Records drawn from a dataset >>
○ ○ ○ ○ ○

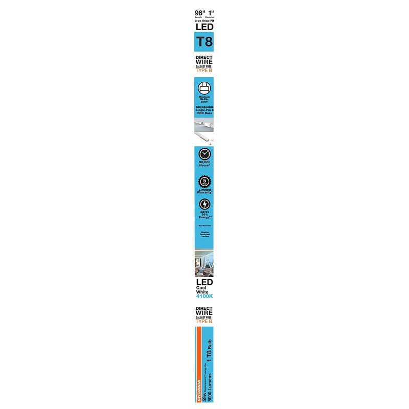 The Sylvania 41098 LED bulb is a linear T8 lamp designed to provide efficient lighting solutions for various applications. With its cool white light at a color temperature of 4100 K, this bulb is perfect for illuminating workspaces, offices, and retail areas. Its long average life of 50,000 hours ensures that you will enjoy bright, reliable lighting for years to come.
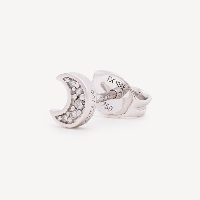 La boucle d'oreille Moon Diamond est un reflet lumineux de l'énergie mystique de la lune. Connue pour son lien avec les émotions, l'intuition et les nouveaux départs, cette pièce délicate représente la lumière qui brille même dans les moments les plus sombres. Le diamant blanc symbolise la pureté et l’innocence.
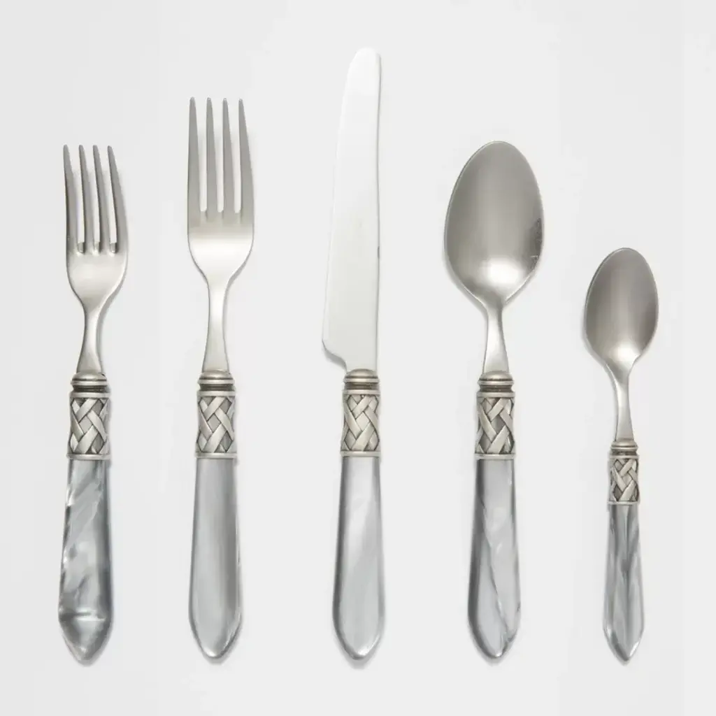 The Aladdin Antique Serving Fork features elegant pearlized handles with the strength of high-grade acrylic and 18/10 stainless steel. This piece is also available in our brilliant finish. Since 1983, Vietri has specialized exclusively in Italian handcrafted ceramics, stainless and pewter flatware, mouth blown glassware, lamps, urns and planters. Families of artisans with 3 or 4 generations of history create these special pieces using centuries-old techniques. The subtle color from a paintbrush and the curving stroke of the artist's hand are never repeated in quite the same way, making each piece truly unique.
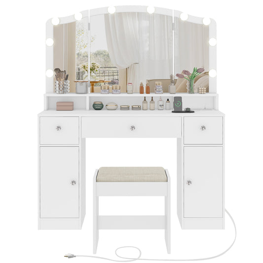 Vanity Desk with Triple Folding Mirror, Makeup Vanity with Power Outlet, Vanity Desk with 10 Lights, 3 Drawers & 2 Cabinets, Makeup Vanity Table with Soft Cushioned Stool for Women, Bedroom, White
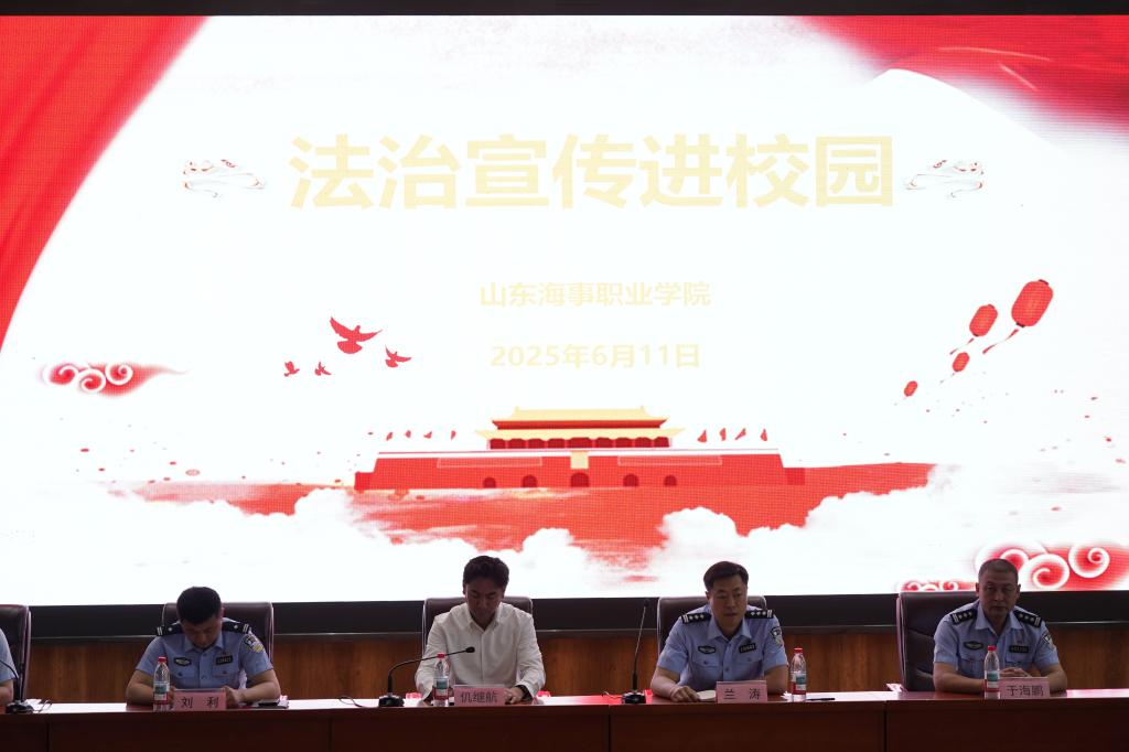 值此全国第24个“安全生产月”活动深入开展之际,为扎实推进平安校园建设,提升师生法治素养与安全防范能力,近日,我校在图书馆报告厅举办"法治校长进校园"活动。潍坊市公安局滨海分局副局长、我校法治校长兰涛,携刑警大队大队长于海鹏、大学园派出所副所长王丽鹏、刑警大队信息中队队长刘利等公安干警走进校园,为师生带来一场别开生面的法治教育盛宴。
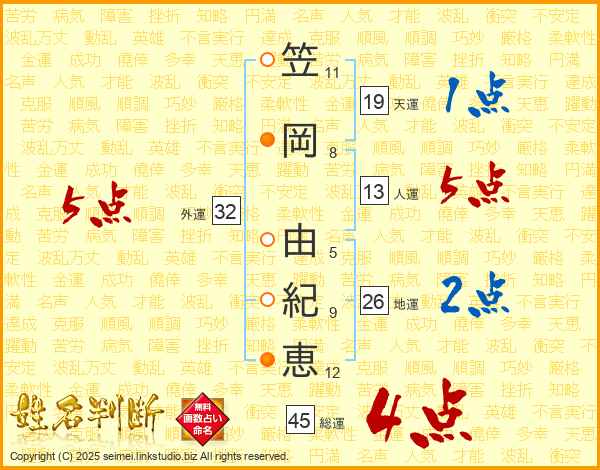 笠(11画)岡(8画) 由(5画)紀(9画)恵(12画)
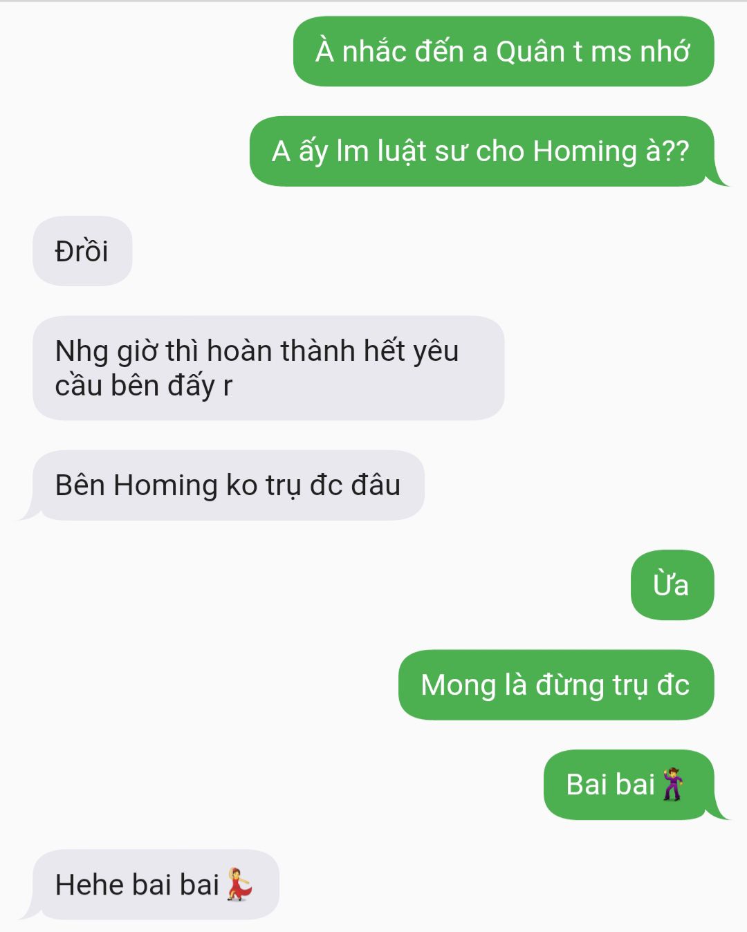 Gã bình thường sẽ không làm mấy hành động cáu tiết suồng sã với Quân, nhưng lần này gã không kiềm nổi máu nóng trong người, trực tiếp phá bỏ ngoại lệ. Trung Quân thầm khinh bỉ nhìn hắn rồi xin phép ra ngoài.
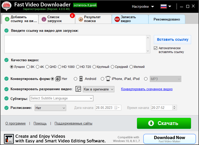 Скачать Fast Video Downloader 4.0.0.51 + Repack + Portable можно по ссылке ниже
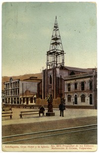 Antofagasta, Gran Hotel y la Iglesia [fotografía] Mattensohn & Grimm.
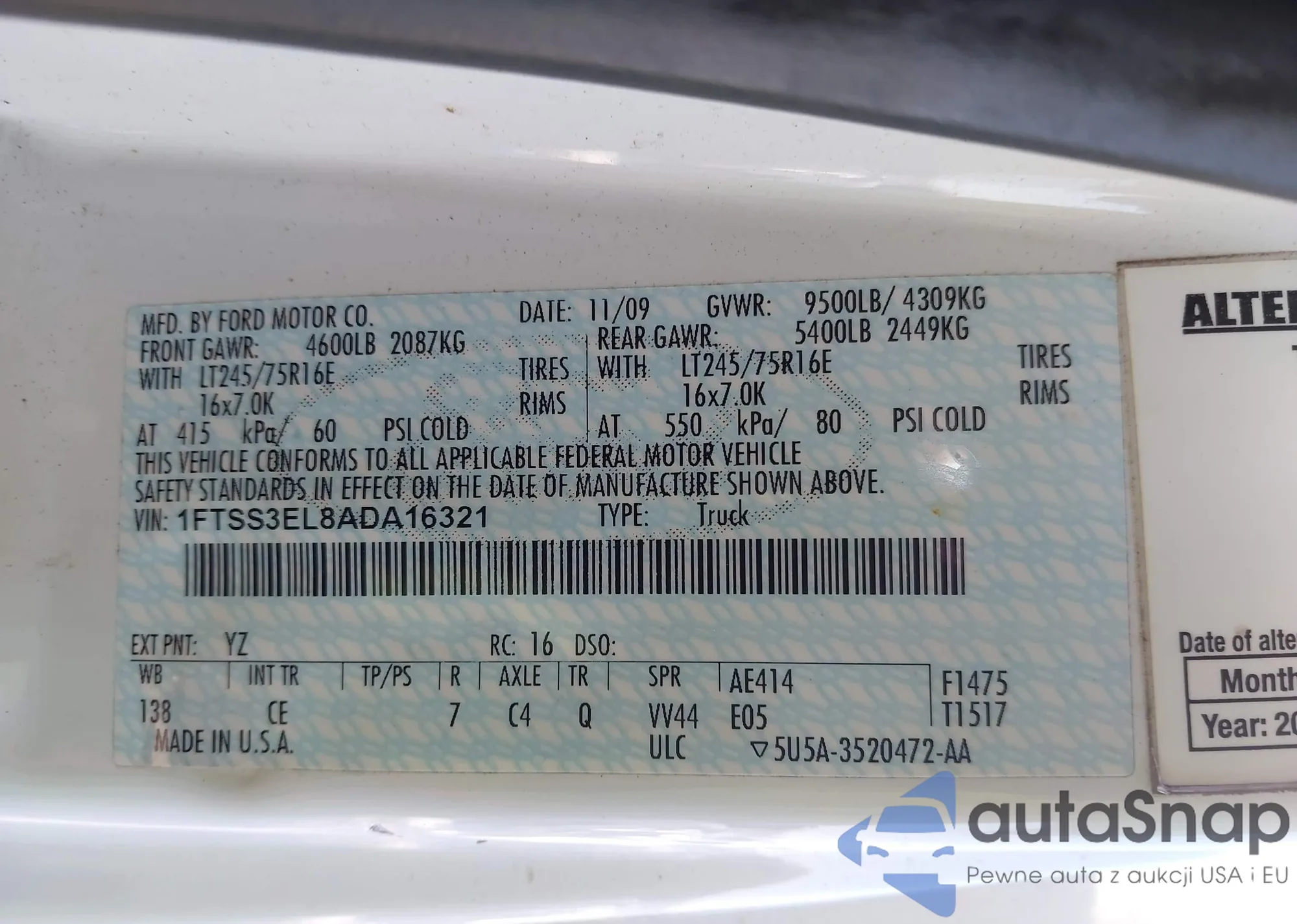 VIN: 1FTSS3EL8ADA16321

○ ○ ○ ○ ○

REQUIREMENT >> For your answer, write out the data exactly and drop every picture.

SOLUTION >>
 The Sylvania 41098 LED bulb is a linear T8 lamp designed to provide efficient lighting solutions for various applications. With its cool white light at a color temperature of 4100 K, this bulb is perfect for illuminating workspaces, offices, and retail areas. Its long average life of 50,000 hours ensures that you will enjoy bright, reliable lighting for years to come.
 La boucle d'oreille Moon Diamond est un reflet lumineux de l'énergie mystique de la lune. Connue pour son lien avec les émotions, l'intuition et les nouveaux départs, cette pièce délicate représente la lumière qui brille même dans les moments les plus sombres. Le diamant blanc symbolise la pureté et l’innocence.
 The Aladdin Antique Serving Fork features elegant pearlized handles with the strength of high-grade acrylic and 18/10 stainless steel. This piece is also available in our brilliant finish. Since 1983, Vietri has specialized exclusively in Italian handcrafted ceramics, stainless and pewter flatware, mouth blown glassware, lamps, urns and planters. Families of artisans with 3 or 4 generations of history create these special pieces using centuries-old techniques. The subtle color from a paintbrush and the curving stroke of the artist's hand are never repeated in quite the same way, making each piece truly unique.
 Vanity Desk with Triple Folding Mirror, Makeup Vanity with Power Outlet, Vanity Desk with 10 Lights, 3 Drawers & 2 Cabinets, Makeup Vanity Table with Soft Cushioned Stool for Women, Bedroom, White
 值此全国第24个“安全生产月”活动深入开展之际,为扎实推进平安校园建设,提升师生法治素养与安全防范能力,近日,我校在图书馆报告厅举办"法治校长进校园"活动。潍坊市公安局滨海分局副局长、我校法治校长兰涛,携刑警大队大队长于海鹏、大学园派出所副所长王丽鹏、刑警大队信息中队队长刘利等公安干警走进校园,为师生带来一场别开生面的法治教育盛宴。
 笠(11画)岡(8画) 由(5画)紀(9画)恵(12画)
 Gã bình thường sẽ không làm mấy hành động cáu tiết suồng sã với Quân, nhưng lần này gã không kiềm nổi máu nóng trong người, trực tiếp phá bỏ ngoại lệ. Trung Quân thầm khinh bỉ nhìn hắn rồi xin phép ra ngoài.
 Скачать Fast Video Downloader 4.0.0.51 + Repack + Portable можно по ссылке ниже
 Antofagasta, Gran Hotel y la Iglesia [fotografía] Mattensohn & Grimm.
 VIN: 1FTSS3EL8ADA16321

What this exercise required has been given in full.